# What is the Uber Process for Deactivation?



## SCdave (Jun 27, 2014)

FARLANCE or any other Uber Employee...here's your chance to educate us Drivers.

What is the Process for Deactivation as per Uber's written policy. Is this a corporate Nationwide policy? Is this a city by city policy? Is this left totally up to the local CSR? What is the review process for Driver's?

I really find it hard to believe that this process is not in writing as part of our Driver's "Handbook". I've read my Driver's "Handbook" from cover to cover and just can't find the process spelled out.


----------



## DriverJ (Sep 1, 2014)

Same as it is for activation - (1.) About Face - (2.) Lower Pants - (3.) Bend to a 45 Degree Angle (more if you're into this kinda stuff) - (4.) Just let Uber Work their Magic.

How can I be so disgruntled after only 6 days? LOTS of work, no money. That's right, I remember now.


----------



## AlinPhx (Sep 24, 2014)

I am new to Uber Activated last Saturday. Yesterday I drove all morning, then went off line. At around 2:30 I tried to go back on line, was asked to log in, but got an error message: Login Failed your driver account has not been activated (this message has been continuous ever since).
I sent this to the zen desk at 3:30 yesterday, and still have heard nothing. If I have been Deactivated (I'm not sure why I would have been), or if there is something I need to do, it would be fair to let me know rather than not responding. Also, where do you find this Drivers Handbook?


----------



## Subaruber (Sep 25, 2014)

Same happened to me , I got 1 star mistakenly by uber ride. Got my straight 5 stars with final 4.43. My account deactivated with no reason. got replies they said i no longer be able to reactivated. 

Uber doing , ..... extremely grazy policy , grazy company and the worst of all dealing with drivers.


----------



## AlinPhx (Sep 24, 2014)

How long before you heard from Uber?


----------



## Subaruber (Sep 25, 2014)

It is what it is. They just unfair and wrong from very beginning... i dont like to be called whinning but I dont deserve wrongful and injustice .....never happened with any companies i worked before.....


----------



## pengduck (Sep 26, 2014)

AlinPhx said:


> I am new to Uber Activated last Saturday. Yesterday I drove all morning, then went off line. At around 2:30 I tried to go back on line, was asked to log in, but got an error message: Login Failed your driver account has not been activated (this message has been continuous ever since).
> I sent this to the zen desk at 3:30 yesterday, and still have heard nothing.

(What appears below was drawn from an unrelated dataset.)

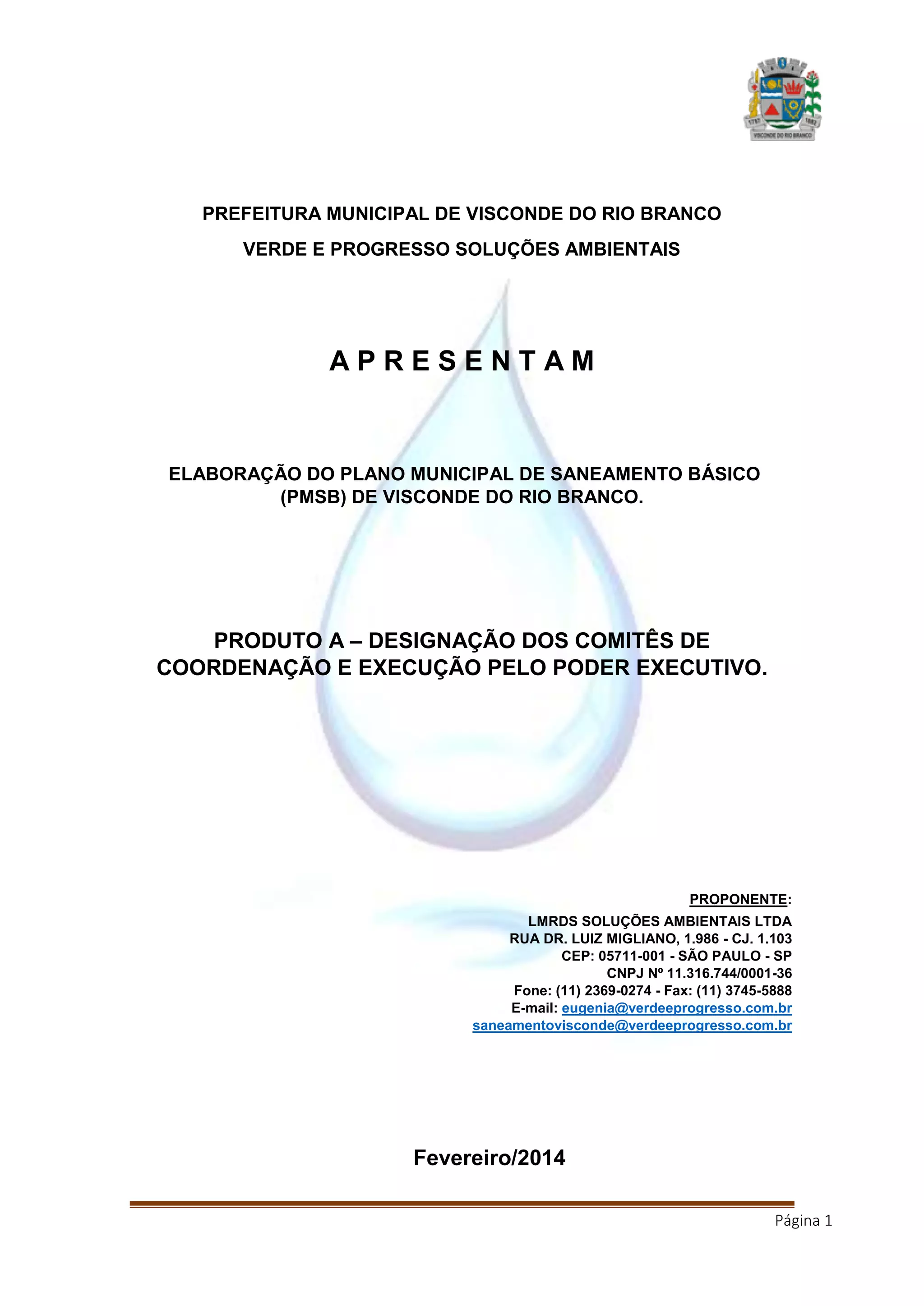 Este documento descreve a criação de comitês para coordenar a elaboração do Plano Municipal de Saneamento Básico de Visconde do Rio Branco. Foi criado o Comitê de Coordenação, responsável pela política pública de saneamento e coordenação do plano, e o Comitê Executivo, responsável pela operacionalização do processo de elaboração do plano. Os decretos no 115/2013 e 009/2014 designam os membros dos comitês e definem suas atribuições.

If I have been Deactivated (I'm not sure why I would have been), or if there is something I need to do, it would be fair to let me know rather than not responding. Also, where do you find this Drivers Handbook?

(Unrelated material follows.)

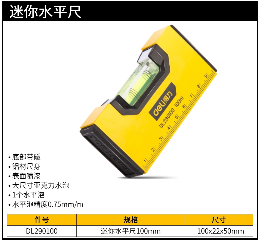 水平尺100mm迷你(黄)(把);DL290100

I never log out I just go offline and I have no problem.


----------



## SCdave (Jun 27, 2014)

pengduck said:


> I never log out I just go offline and I have no problem.


AlinPhx didn't Logout himself but Uber logged him out won't let AlinPhx log back in for some reason.

1) Go to your Rider Dashboard 
2) Is there a Red Flag next to your Profile or Vehicle Tab?
a) Inspection Report required?
b) Updated Driver's License or Vehicle Insurance required?
c) Could be legit reason or Uber mistake. Either way, needs to be fixed.

And I agree, it would be nice to get an email or better yet, a Text message that you will not be able to Log In until "XXX" has been resolved instead of scheduling your driving time and then surprise, you can't log in. Same with the recent Contract Addendum required before I could log in. Hard to read on my phone. If I new this was required, I would have checked it out on my computer at home.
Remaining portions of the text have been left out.